Storing data

Florian Ziemen, Tobi Kölling, Lukas Kluft

Datasets

Without subset access and hierarchies, analysis scripts are forced to load way too much data.

Make a compromise that’s okay-ish for everybody by chunking along all dimensions.

Any access will require uncompressing entire chunks.
By keeping them small to reduce the amount of data that will be uncompressed but not used.
Keep them big enough for the compressor to do its job.
Usually MB-ish blocks are a good compromise.

As chunks are stored separately, this scales for any size of dataset.

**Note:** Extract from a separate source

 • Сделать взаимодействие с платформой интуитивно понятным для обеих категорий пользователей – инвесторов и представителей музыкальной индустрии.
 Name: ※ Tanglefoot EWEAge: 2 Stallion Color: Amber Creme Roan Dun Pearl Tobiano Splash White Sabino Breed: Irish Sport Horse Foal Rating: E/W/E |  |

We are working with a 500 TB dataset in nextGEMS.

We can index a multi-file HDF5 dataset with kerchunk, and then create a pseudo-filesystem zarr with fsspec in python.
Allows to treat a set of netCDF4 files as one zarr dataset.
Direct access only via python.
A simple python web server can present it as zarr via https for other languages.

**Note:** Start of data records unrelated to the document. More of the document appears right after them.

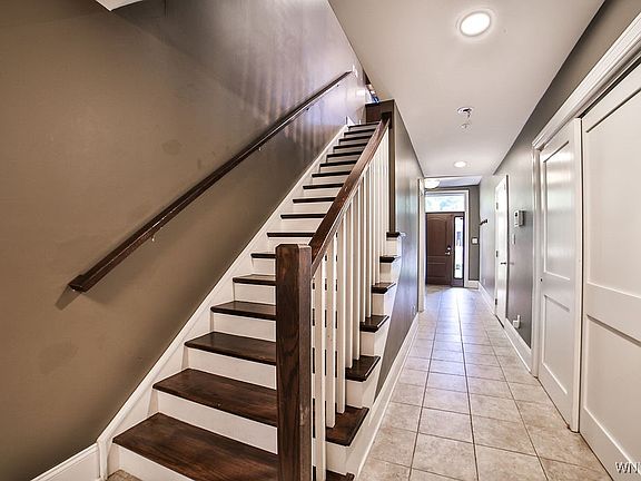 Luxury rental, 3 bed, 3.5 bath townhouse in the heart of the Buffalo Waterfront, available immediately. Five-minute walk to bike & fitness paths, sports venues, restaurants, marina, downtown. The three-story unit has exceptional amenities: hardwood floors, built in Sonos speaker system, cityscape views, balcony with gas grill, first level patio with access to ample greenspace, keyless entry, optional security system, stainless appliances, gas grill, two gas fireplaces, two car garage, California Closets in bedrooms, pantry, and coat closets.
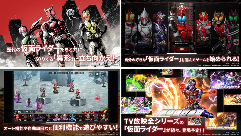 初代「仮面ライダー」から「仮面ライダーガヴ」まで、歴代の仮面ライダーたち勢揃いで楽しめるタワーディフェンスゲーム。チュートリアルクリアで好きなライダーがもらえるので、自分の世代のライダーで物語を進められます!
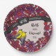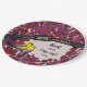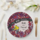 Here is a whimsical intricate floral themed 40th wedding anniversary paper plate that you can personalise for a special bride and groom! Two prothonotary warblers perch on a decorative floral pattern border made of flowers and artistic swirls in shades of red and purple. The birds sit beside a space for two names and a wedding year in script text.
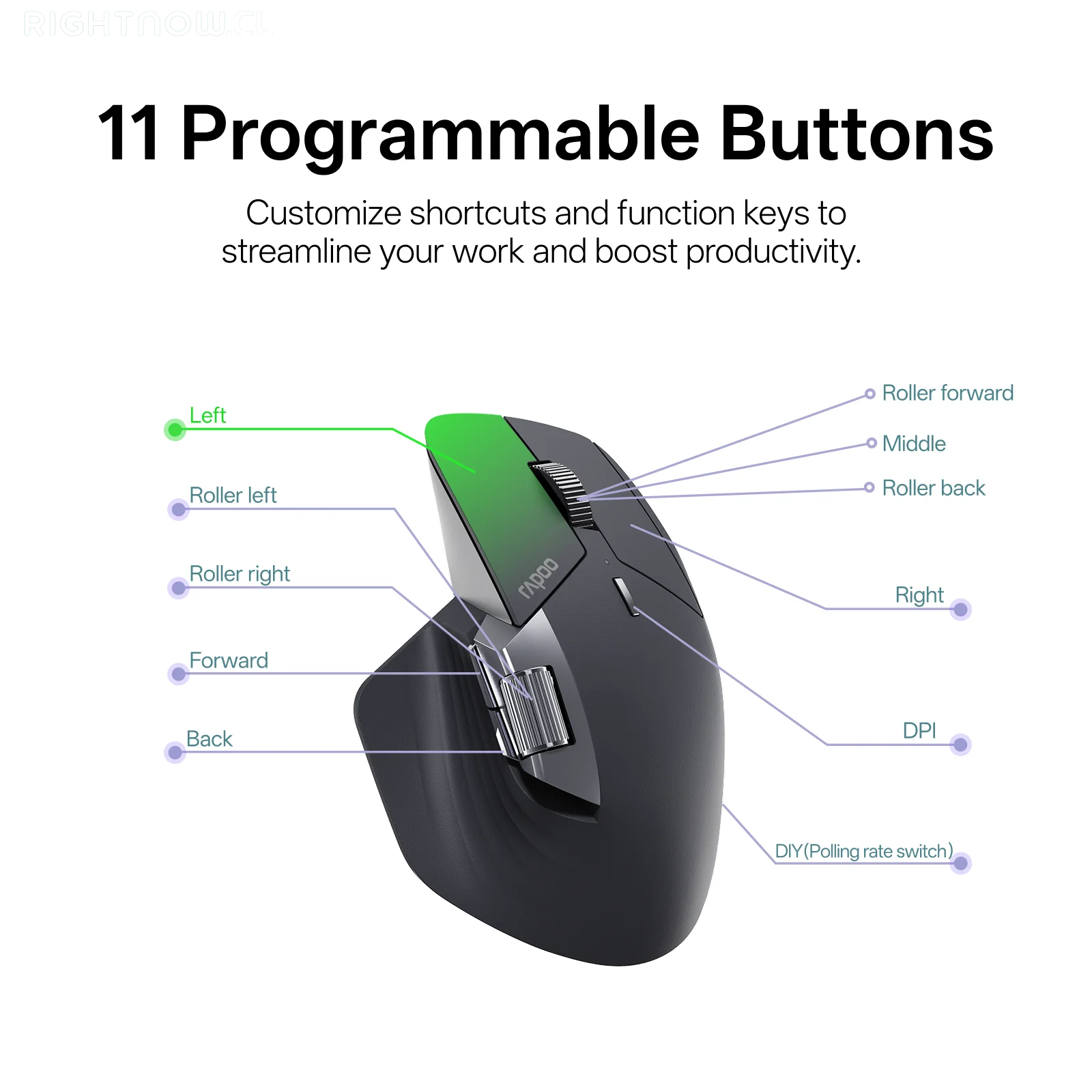 11 botones programables con memoria integrada: optimiza tu flujo de trabajo o sesiones de juego con accesos directos, teclas multimedia y macros. La memoria integrada puede almacenar todas sus configuraciones en el mouse, evitando los inconvenientes de la reconfiguración después del reinicio, así como reduciendo la ocupación de CPU y hardware de ejecutar un controlador de mouse todo el tiempo.

Storage layout, chunk shapes	Read time series (sec)	Read spatial slice (sec)	Performance bias (slowest / fastest)
Contiguous favoring time range	0.013	180	14000
Contiguous favoring spatial slice	200	0.012	17000
Default (all axes equal) chunks, 4673 x 12 x 16	1.4	34	24
36 KB chunks, 92 x 9 x 11	2.4	1.7	1.4
8 KB chunks, 46 x 6 x 8	1.4	1.1	1.2